DATA EXTRACT:
══════════════════════════════
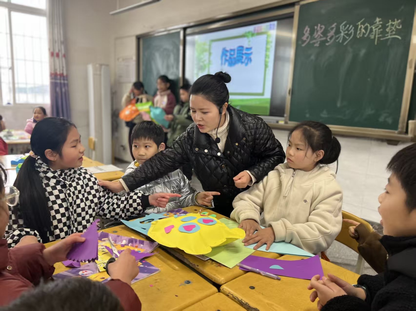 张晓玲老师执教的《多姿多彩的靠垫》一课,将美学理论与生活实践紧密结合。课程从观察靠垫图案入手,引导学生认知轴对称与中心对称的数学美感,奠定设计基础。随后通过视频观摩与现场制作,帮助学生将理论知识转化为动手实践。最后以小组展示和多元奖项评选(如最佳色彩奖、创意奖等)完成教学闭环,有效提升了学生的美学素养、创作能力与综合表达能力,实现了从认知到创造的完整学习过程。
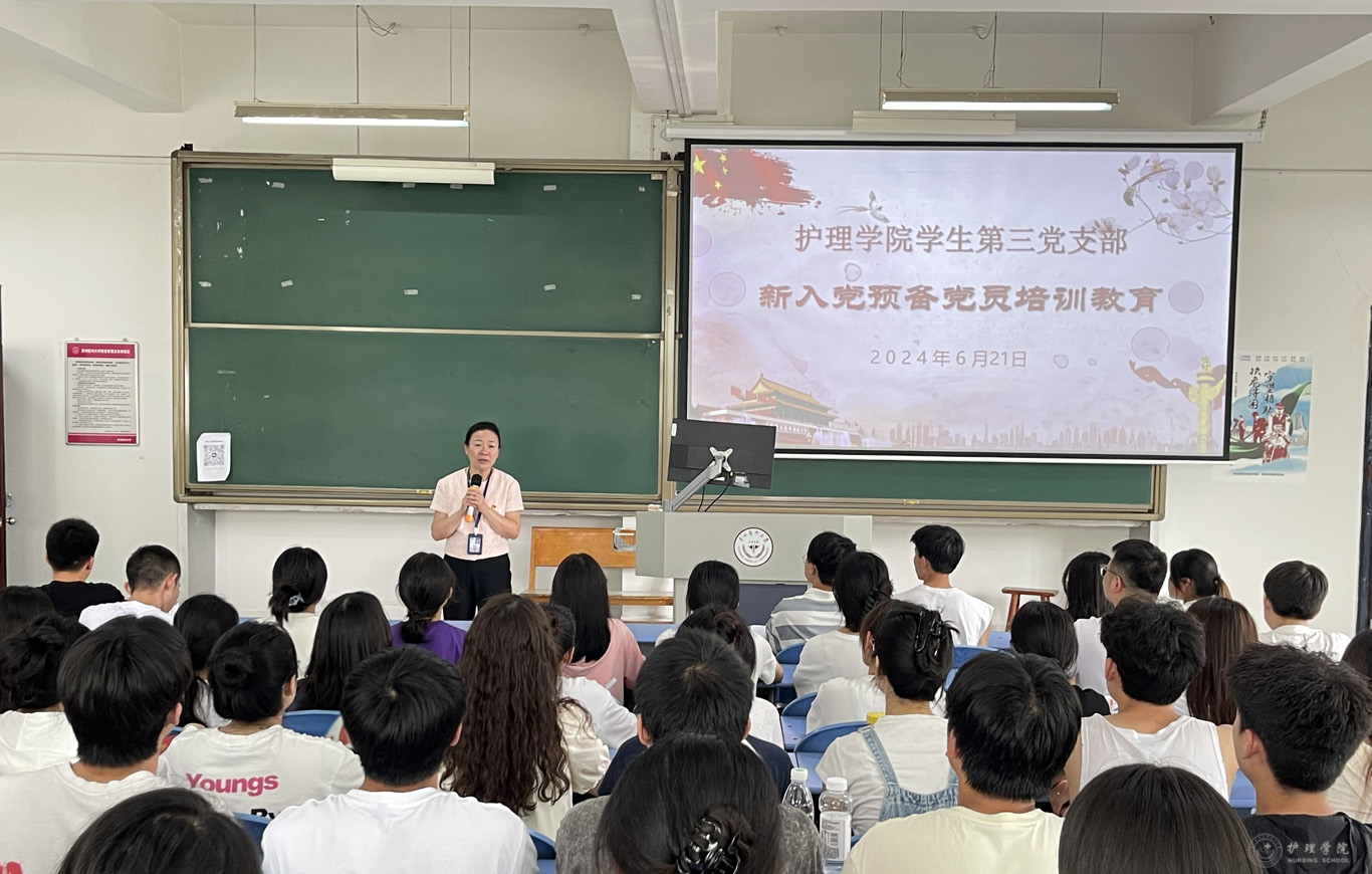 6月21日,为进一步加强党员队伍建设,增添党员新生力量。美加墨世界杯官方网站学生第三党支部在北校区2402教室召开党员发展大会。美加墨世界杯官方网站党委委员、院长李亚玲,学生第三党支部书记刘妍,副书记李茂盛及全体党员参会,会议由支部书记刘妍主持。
══════════════════════════════
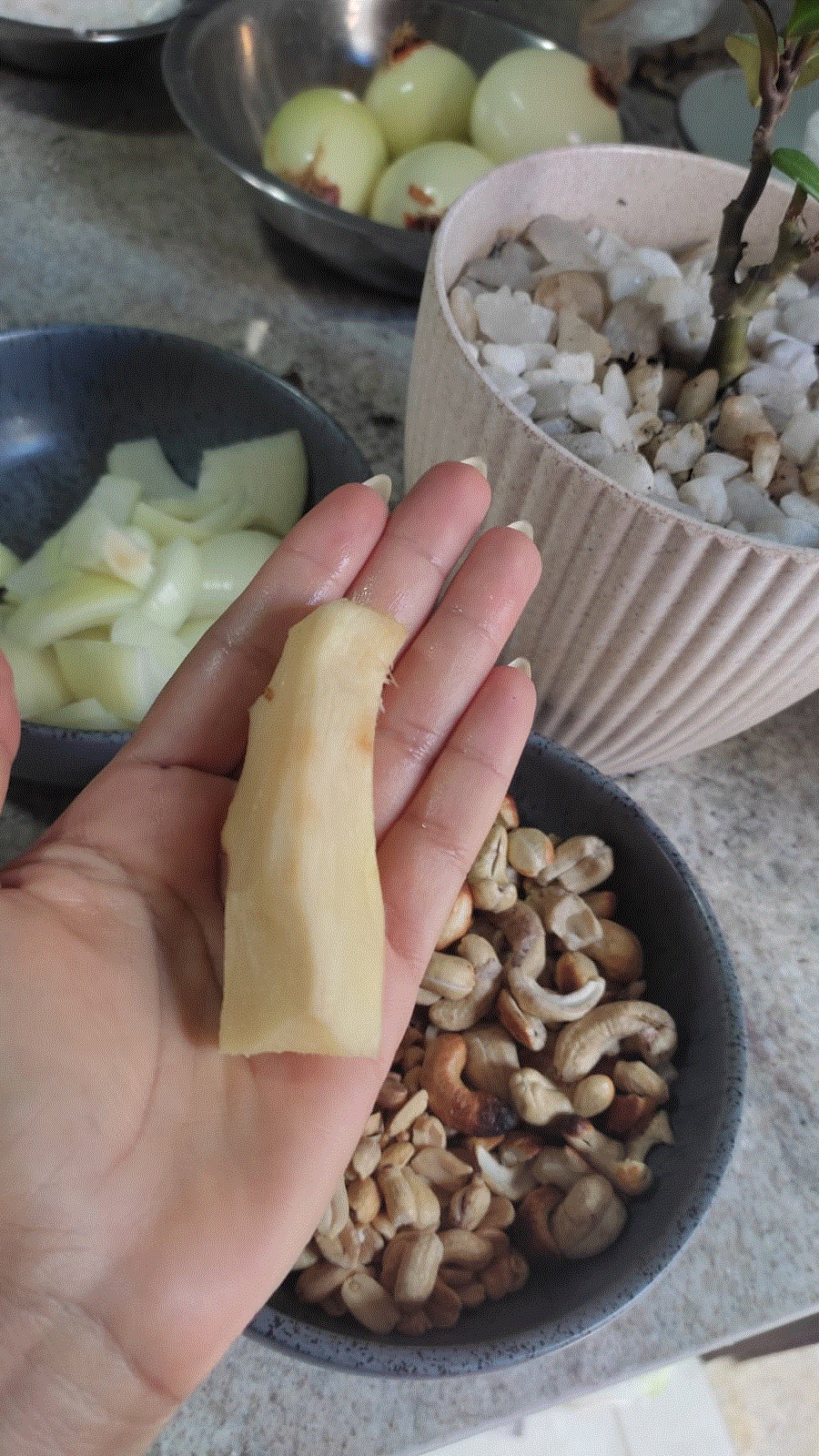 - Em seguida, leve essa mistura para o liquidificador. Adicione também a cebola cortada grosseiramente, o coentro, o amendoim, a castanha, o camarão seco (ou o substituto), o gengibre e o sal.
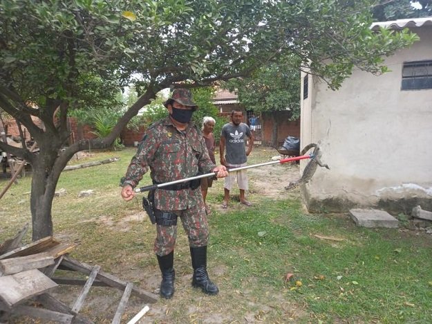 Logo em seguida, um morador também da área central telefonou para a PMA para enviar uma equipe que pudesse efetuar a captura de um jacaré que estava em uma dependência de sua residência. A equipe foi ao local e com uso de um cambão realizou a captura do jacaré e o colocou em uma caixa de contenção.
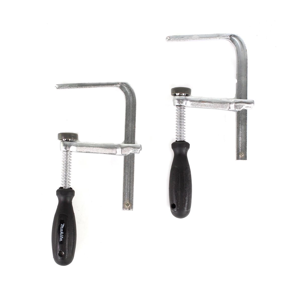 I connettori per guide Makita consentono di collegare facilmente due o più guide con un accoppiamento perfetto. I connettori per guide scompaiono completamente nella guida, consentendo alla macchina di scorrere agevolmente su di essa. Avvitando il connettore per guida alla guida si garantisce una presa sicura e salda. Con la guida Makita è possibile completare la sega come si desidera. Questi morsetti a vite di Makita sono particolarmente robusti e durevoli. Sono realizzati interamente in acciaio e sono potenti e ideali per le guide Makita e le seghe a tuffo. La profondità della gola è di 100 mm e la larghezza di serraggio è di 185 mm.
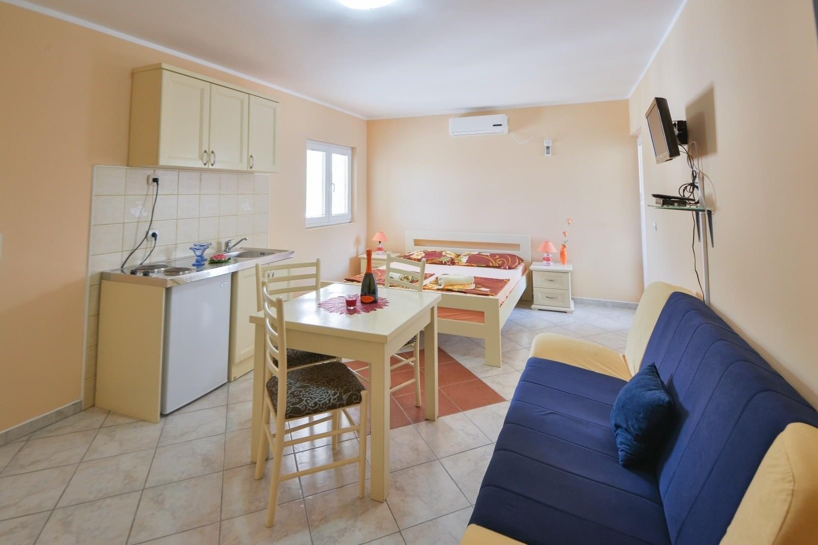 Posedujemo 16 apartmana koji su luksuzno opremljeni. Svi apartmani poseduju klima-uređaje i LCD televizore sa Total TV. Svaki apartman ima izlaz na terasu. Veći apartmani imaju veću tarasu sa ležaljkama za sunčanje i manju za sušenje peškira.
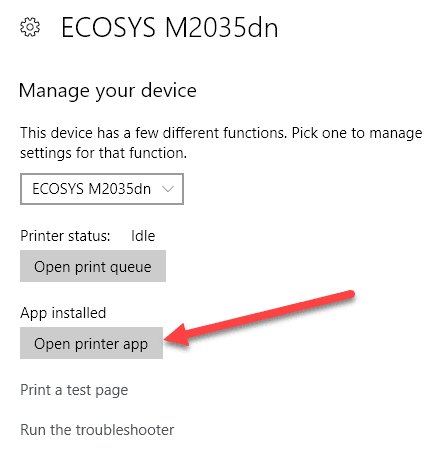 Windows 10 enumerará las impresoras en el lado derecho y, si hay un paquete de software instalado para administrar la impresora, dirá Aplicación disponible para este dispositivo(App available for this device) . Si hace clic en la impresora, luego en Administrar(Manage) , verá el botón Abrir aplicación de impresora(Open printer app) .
══════════════════════════════
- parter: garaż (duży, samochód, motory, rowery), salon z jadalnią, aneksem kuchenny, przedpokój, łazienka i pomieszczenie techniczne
══════════════════════════════
AIM OF THE EXERCISE:
Print exactly, with no pictures, the lines above from the one that holds "- Em seguida, leve" through the one that holds "Logo em seguida, um", both of them included.

RESULT:
 - Em seguida, leve essa mistura para o liquidificador. Adicione também a cebola cortada grosseiramente, o coentro, o amendoim, a castanha, o camarão seco (ou o substituto), o gengibre e o sal.
 Logo em seguida, um morador também da área central telefonou para a PMA para enviar uma equipe que pudesse efetuar a captura de um jacaré que estava em uma dependência de sua residência. A equipe foi ao local e com uso de um cambão realizou a captura do jacaré e o colocou em uma caixa de contenção.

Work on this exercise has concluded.